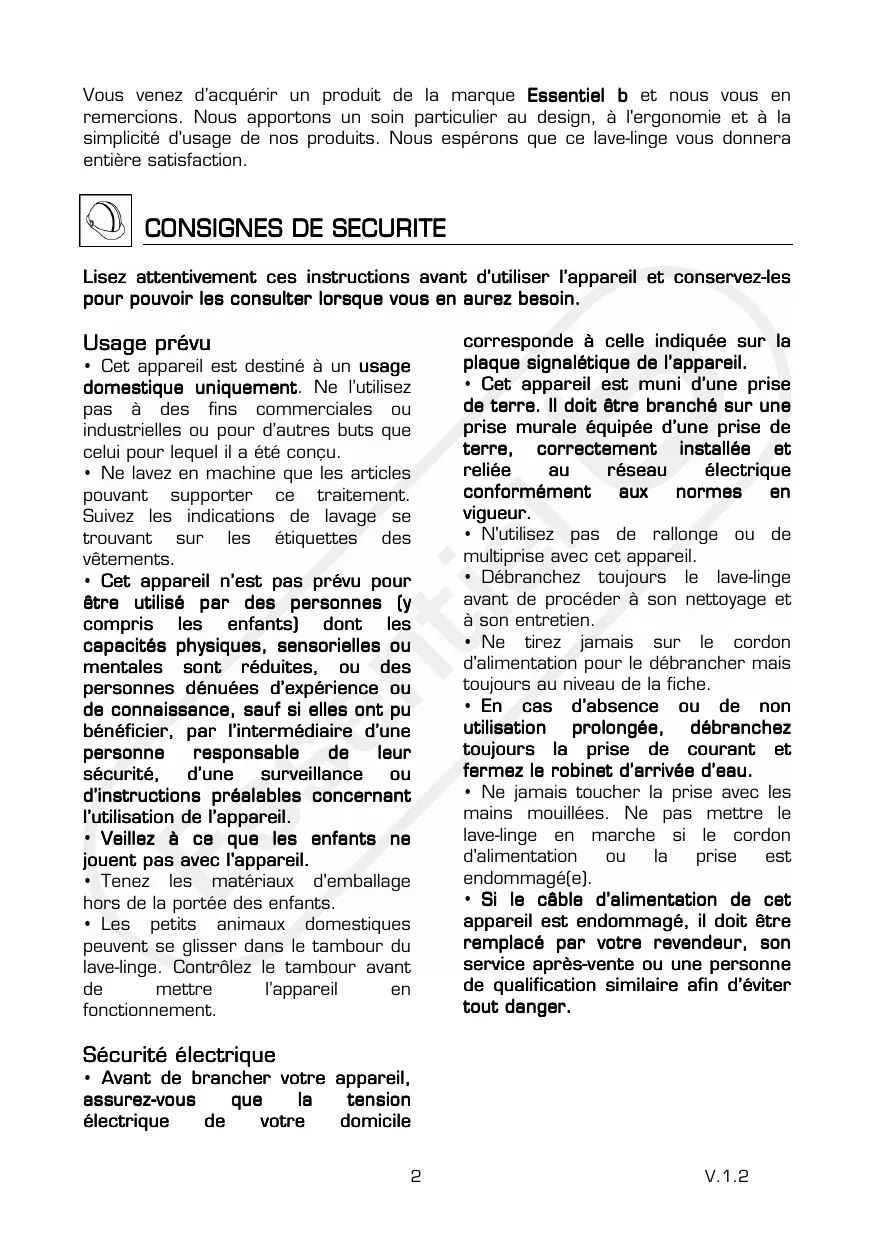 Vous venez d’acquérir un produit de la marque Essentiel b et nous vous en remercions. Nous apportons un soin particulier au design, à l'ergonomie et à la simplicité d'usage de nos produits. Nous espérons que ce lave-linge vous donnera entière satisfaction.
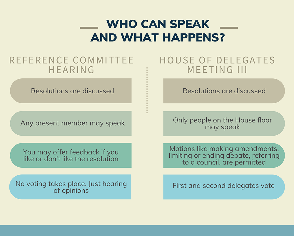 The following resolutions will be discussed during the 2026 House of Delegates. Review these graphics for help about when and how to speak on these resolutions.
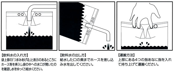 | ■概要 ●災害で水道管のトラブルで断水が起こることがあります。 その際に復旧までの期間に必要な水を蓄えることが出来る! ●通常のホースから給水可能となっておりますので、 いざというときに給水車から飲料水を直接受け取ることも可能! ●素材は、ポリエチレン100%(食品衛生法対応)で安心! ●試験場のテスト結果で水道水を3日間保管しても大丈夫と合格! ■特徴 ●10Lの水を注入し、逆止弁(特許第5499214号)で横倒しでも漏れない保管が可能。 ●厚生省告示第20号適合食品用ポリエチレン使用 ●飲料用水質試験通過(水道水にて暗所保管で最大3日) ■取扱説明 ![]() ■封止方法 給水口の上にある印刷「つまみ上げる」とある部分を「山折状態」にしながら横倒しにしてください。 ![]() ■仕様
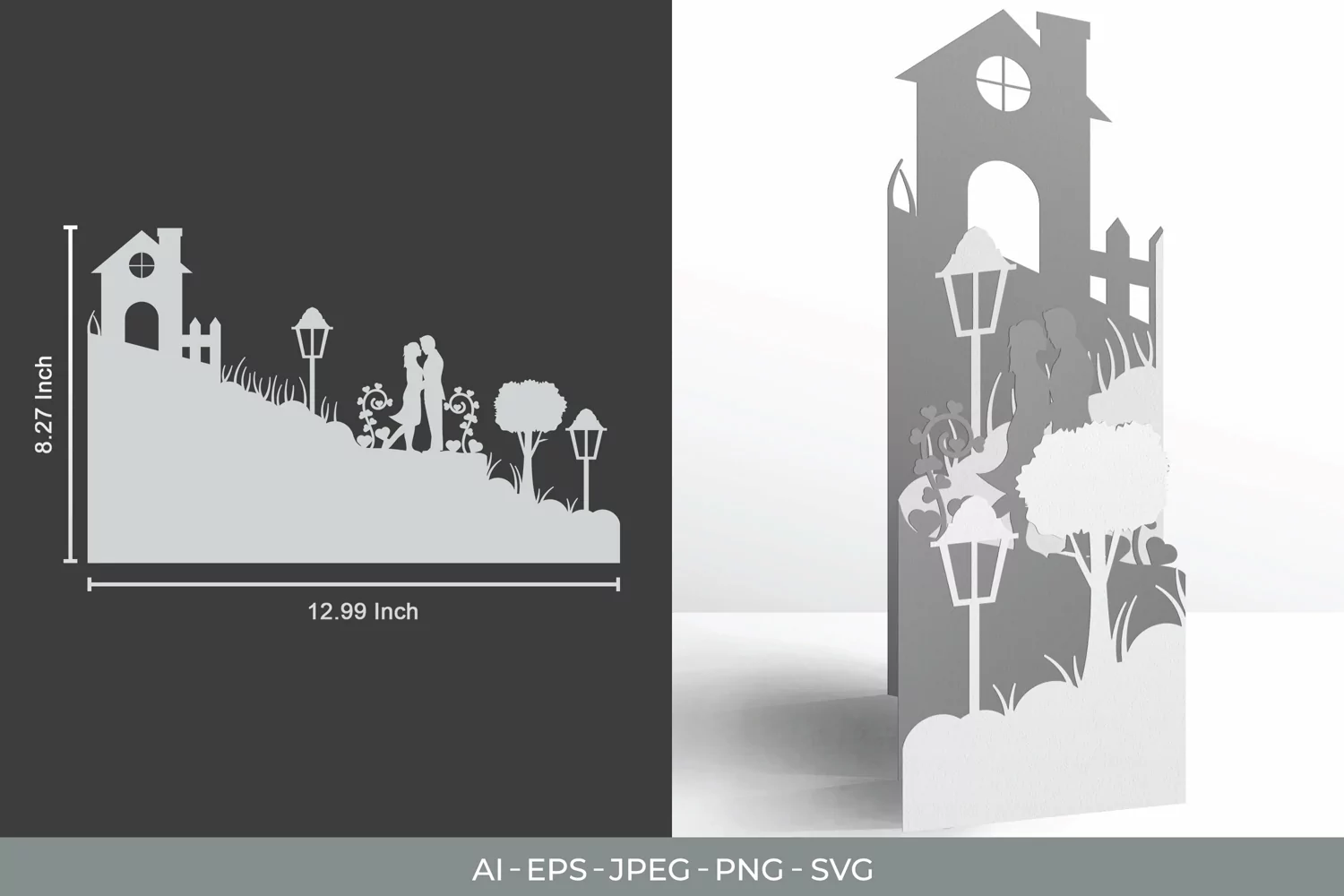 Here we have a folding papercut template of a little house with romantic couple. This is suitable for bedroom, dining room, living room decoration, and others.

--------------------------------

### DESCRIPTION OF THE TASK
Copy exactly the lines from the line holding "The following resolutions" to the final line of the listing, and leave the pictures out.

### ANSWER TO THIS TASK
 The following resolutions will be discussed during the 2026 House of Delegates. Review these graphics for help about when and how to speak on these resolutions.
 | ■概要 ●災害で水道管のトラブルで断水が起こることがあります。 その際に復旧までの期間に必要な水を蓄えることが出来る! ●通常のホースから給水可能となっておりますので、 いざというときに給水車から飲料水を直接受け取ることも可能! ●素材は、ポリエチレン100%(食品衛生法対応)で安心! ●試験場のテスト結果で水道水を3日間保管しても大丈夫と合格! ■特徴 ●10Lの水を注入し、逆止弁(特許第5499214号)で横倒しでも漏れない保管が可能。 ●厚生省告示第20号適合食品用ポリエチレン使用 ●飲料用水質試験通過(水道水にて暗所保管で最大3日) ■取扱説明 ![]() ■封止方法 給水口の上にある印刷「つまみ上げる」とある部分を「山折状態」にしながら横倒しにしてください。 ![]() ■仕様
 Here we have a folding papercut template of a little house with romantic couple. This is suitable for bedroom, dining room, living room decoration, and others.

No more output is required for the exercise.